This series of 5 seminars will provide an introduction to the analysis of nonlinear problems in elasticity. Based on examples from recent research works and/or from daily life (such as the inflation of a cylindrical ballon, the shape of human hair, or the hexagonal patterns produced by the elastic Rayleigh-Taylor instability), we will derive the main methods applicable to nonlinear elasticity problems: the calculation of critical loads by a linear bifurcation analysis, the selection of buckling patterns using Koiter's method, the analysis of localized buckling using amplitude equations, etc. We will provide examples of both geometrical instabilities (as Euler's buckling) and material instabilities (as in the striction of bars and other localization phenomena).

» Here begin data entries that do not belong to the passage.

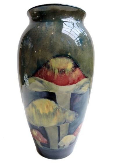 Rare Moorcroft Burslem Pottery CLAREMONT / MUSHROOM pattern 10 inch vase c1915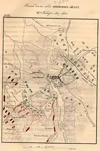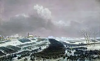 As Bennigsen hurriedly assembled his army at Jonkowo, elements of Marshal Nicolas Soult's IV Corps reached a position on his left rear on 3 February.[16] That day, General of Division Jean François Leval clashed with Lieutenant-General Nikolay Kamensky's 14th Division at Bergfried (Berkweda) on the Alle (Łyna) River, which flows roughly northward in the area. The French reported 306 casualties but claimed to have inflicted 1,100 on their adversaries.[17] After seizing Allenstein (Olsztyn), Soult moved north on the east bank of the Alle. Meanwhile, Napoleon threatened Bennigsen from the south with Marshal Pierre Augereau's VII Corps and Ney's forces. Kamensky held the west bank with four Russian battalions and three Prussian artillery batteries.[16] After an initial attack on Bergfried had been driven back, the French captured the village and bridge. A Russian counterattack briefly recaptured the bridge. That night, the French remained in possession of the field, and Soult claimed that he had found 800 Russian dead there.[18] Marching at night, Bennigsen retreated directly north to Wolfsdorf (Wilczowo) on the 4th. The next day, he fell back to the northeast, reaching Burgerswalde on the road to Landsberg (Górowo Iławeckie).[19]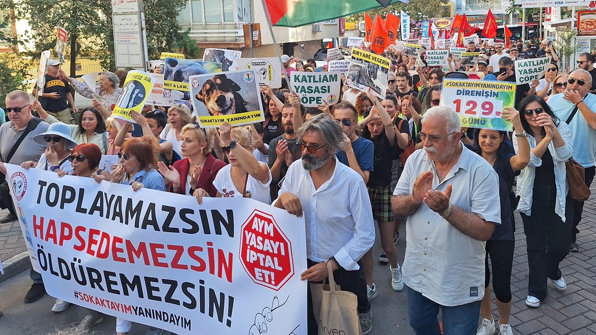Öte yanan İzmir'de hayvan hakları savunucuları ve 48 kuruluş, imzaladıkları deklarasyon ile sokak hayvanlarına yönelik yasaya tepki göstererek, yürüyüş ve miting düzenledi.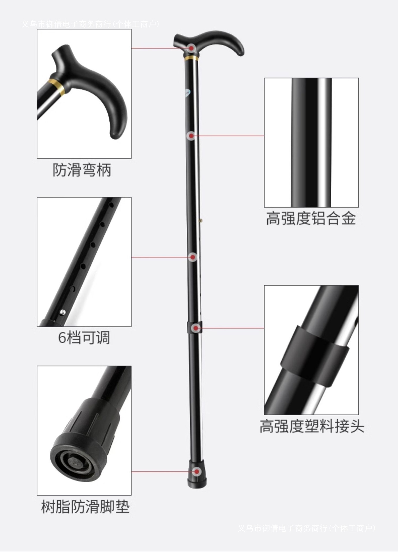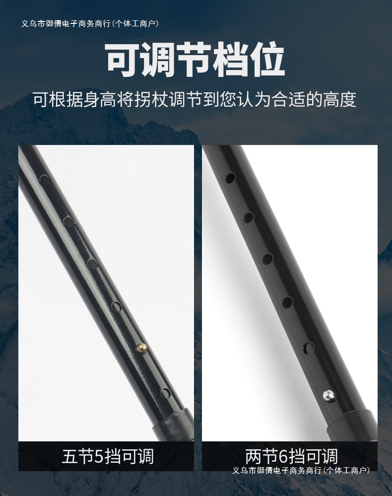 • 강화된 2섹션 텔레스코픽 목발 검정색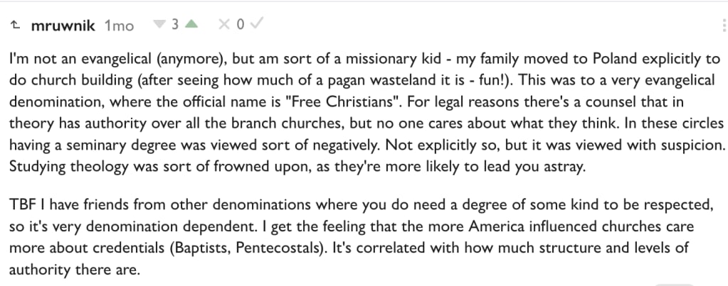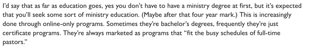 Multiple people mentioned that, in their part of the evangelosphere, seminary degrees were mandatory. If not a full seminary degree at time of founding, then at least an online certificate within 4 years.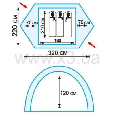 Двухслойная палатка с двумя входами. Палатка оборудована юбкой. Палатка имеет 2 вентиляционных клапана с двумя регулируемыми по высоте стойками. Все швы палатки проклеены.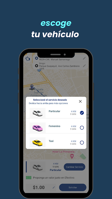 La app es muy fácil de usar y te permite seleccionar el punto de recogida y destino y el tipo de vehículo que necesitas para un servicio a tu puerta donde tú ofreces un valor justo por tu viaje o pedido.

2. Analysis of singularities - Tuesday, April 24, 2018 at 12:00PM 115 Gates-Thomas
Thin structures often develop singularities, i.e. small regions called inner/boundary layers where the strain concentrates. By way of illustration, we analyze the boundary layer that forms near the clamped endpoint of a heavy hair. A mathematical analysis is proposed in close analogy with the analysis of Prandtl's boundary layer in a fluid with low viscosity. It proceeds by identifying a non-regularized and a regularized model, by carrying out a dimensional analysis of the layer, and by setting up a matched asymptotic expansion.